FORECAST PRO EXAMPLE #2: AUTOSALE revisited.
First, as a benchmark, here is a battery of models fitted in the Forecasting procedure in Statgraphics. Models A and B are the simple and linear exponential smoothing models with multiplicative seasonal adjustment. A fixed-rate inflation adjustment of 0.5% per period has been added to the simple exponential smoothing model to put some long-term trend into its forecasts and reduce error heteroscedasticity. The Winter's seasonal smoothing model has been specified as model C. Two ARIMA models fitted to the logged data are included as models D and E.
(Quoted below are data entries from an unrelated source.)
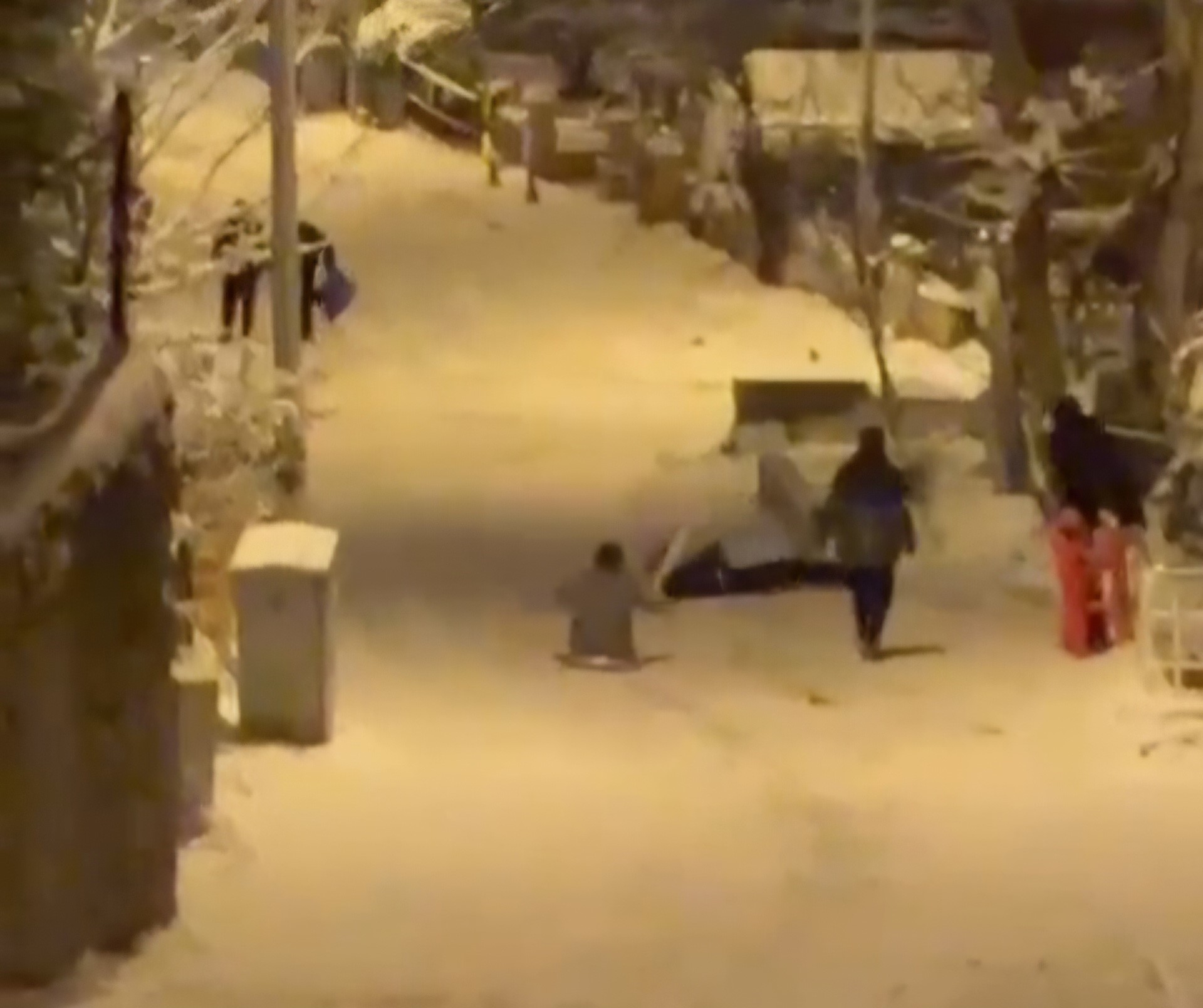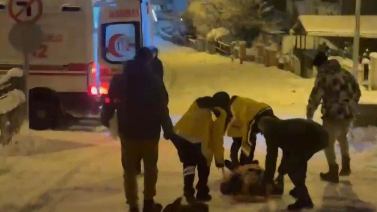Bartın'da şiddetli kar yağışı nedeniyle Demirciler Mahallesi Kürtyaması Sokak'ta tepsi ile kayan Ş.S., duvara çarptı.
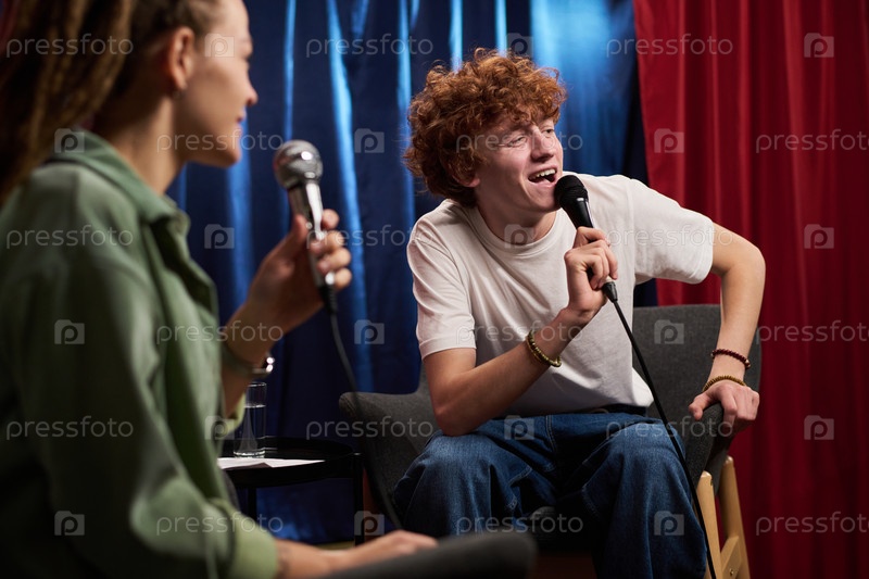 Смеющиеся исполнители во время стенд-ап комедийного шоу
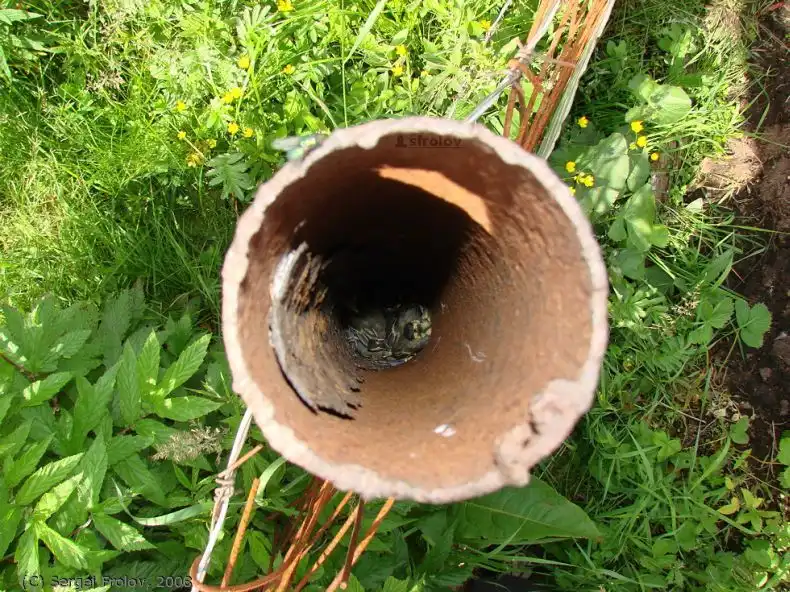 Не думал, что синицы организуют гнездо именно в этой трубе, а не где-то рядом! Я это понял, когда по ней ударила доска, на которую я имел возможность неосторожно наступить. Писк моментально прекратился.
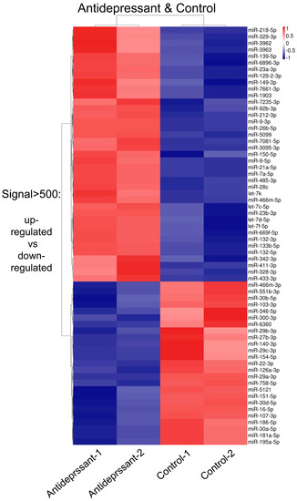 The data analysis of miRNAs expression profiling (data filtering, normalization and statistical calculations) was processed by R (R-Foundation for Statistical Computing, Vienna, Austria; version 2.12.1). Between 2 antidepressant treatments and 2 control tissues, the significant difference of miRNAs expression was selected by fold-change and a p-value with the following criteria: fold-change > 1 and p-value < 0.1 [71]. The heatmap was performed with normalized expression ((x − min)/(max − min)) of each miRNA by pheatmap package (https://cran.r-project.org/web/packages/pheatmap/index.html) of R language. The heat map was drawn. Blue, white and red indicate relatively low, middle and high expression of miRNAs, respectively.
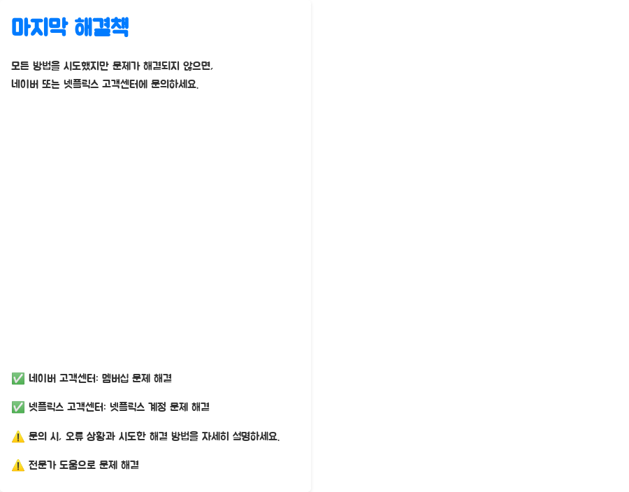 위의 모든 방법을 시도했는데도 문제가 해결되지 않는다면, 네이버 고객센터 또는 넷플릭스 고객센터에 문의하는 것이 좋습니다.
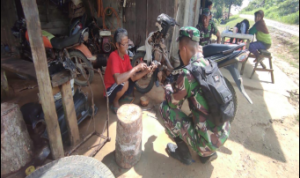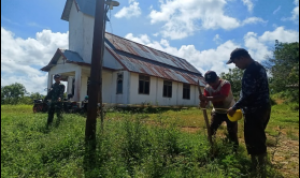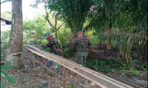 Antusias masyarakat desa melihat pengerjaan pagar gereja oleh anggota satgas TMMD
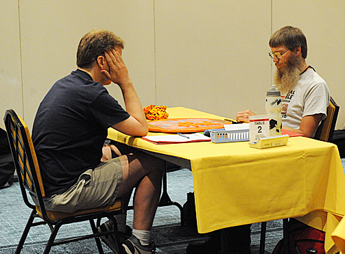 Two-time National SCRABBLE Champion, Dave Wiegand play three-time National SCRABBLE Champion, Nigel Richards in Round 28.

Notice that all the models are quite similar in their all-around performance in the estimation period, and models A-D are very similar in the validation period, with model E lagging a bit behind. Interestingly, the ARIMA models did relatively better in terms of percentage error because, being fitted in log units, they were actually optimized in terms of percentage error rather than absolute error.
Model Comparison
----------------
Data variable: AUTOSALE
Number of observations = 281
Start index = 1/70
Sampling interval = 1.0 month(s)
Length of seasonality = 12
Number of periods withheld for validation: 36
Models
------
(A) Simple exponential smoothing with alpha = 0.4021
Inflation adjustment: 0.5 percent at end of period
Seasonal adjustment: Multiplicative
(B) Brown's linear exp. smoothing with alpha = 0.1375
Seasonal adjustment: Multiplicative
(C) Winter's exp. smoothing with alpha = 0.3117, beta = 0.0001, gamma = 0.2495
(D) ARIMA(0,1,1)x(0,1,1)12
Math adjustment: Natural log
(E) ARIMA(1,0,1)x(0,1,1)12 with constant
Math adjustment: Natural log
Estimation Period
Model MSE MAE MAPE ME MPE
------------------------------------------------------------------------
(A) 1.40991 0.770647 4.70927 0.0662132 0.276835
(B) 1.41955 0.791537 5.02856 0.0248242 0.282996
(C) 1.53718 0.842734 5.12773 0.0154446 -0.454623
(D) 1.58972 0.823505 4.77485 -0.0302983 -0.279636
(E) 1.56714 0.819359 4.71859 0.0307884 0.143125
Model RMSE RUNS RUNM AUTO MEAN VAR
-----------------------------------------------
(A) 1.1874 OK OK *** OK ***
(B) 1.19145 OK *** *** OK ***
(C) 1.23983 OK * OK OK ***
(D) 1.26084 OK OK * OK **
(E) 1.25185 OK OK * * **
Validation Period
Model MSE MAE MAPE ME MPE
------------------------------------------------------------------------
(A) 1.09317 0.947184 2.94464 -0.12697 -0.532003
(B) 1.23223 0.951346 2.94155 0.234821 0.57216
(C) 1.35863 0.959531 2.97817 0.00353942 -0.144202
(D) 1.15307 0.912145 2.82051 -0.144336 -0.571749
(E) 2.20643 1.19816 3.76333 -1.06931 -3.37841
Here are the estimated coefficients of the ARIMA(0,1,1)x(0,1,1) model:
ARIMA Model Summary
Parameter Estimate Stnd. Error t P-value
----------------------------------------------------------------------------
MA(1) 0.50284 0.0570327 8.8167 0.000000
SMA(1) 0.896011 0.0243729 36.7626 0.000000
----------------------------------------------------------------------------
Backforecasting: yes
Estimated white noise variance = 0.0040629 with 266 degrees of freedom
Estimated white noise standard deviation = 0.0637409
Number of iterations: 7
Now let's fit the same series using the built-in expert in Forecast Pro:
Forecast Pro for Windows Standard Edition Version 2.00
Sat Oct 05 17:12:33 1996
Expert data exploration of dependent variable AUTOSALE
---------------------------------------------------------------------
Length 245 Minimum 4.485 Maximum 37.068
Mean 16.781 Standard deviation 8.770
Classical decomposition (multiplicative)
Trend-cycle: 96.53% Seasonal: 2.55% Irregular: 0.92%
Log transform recommended for Box-Jenkins.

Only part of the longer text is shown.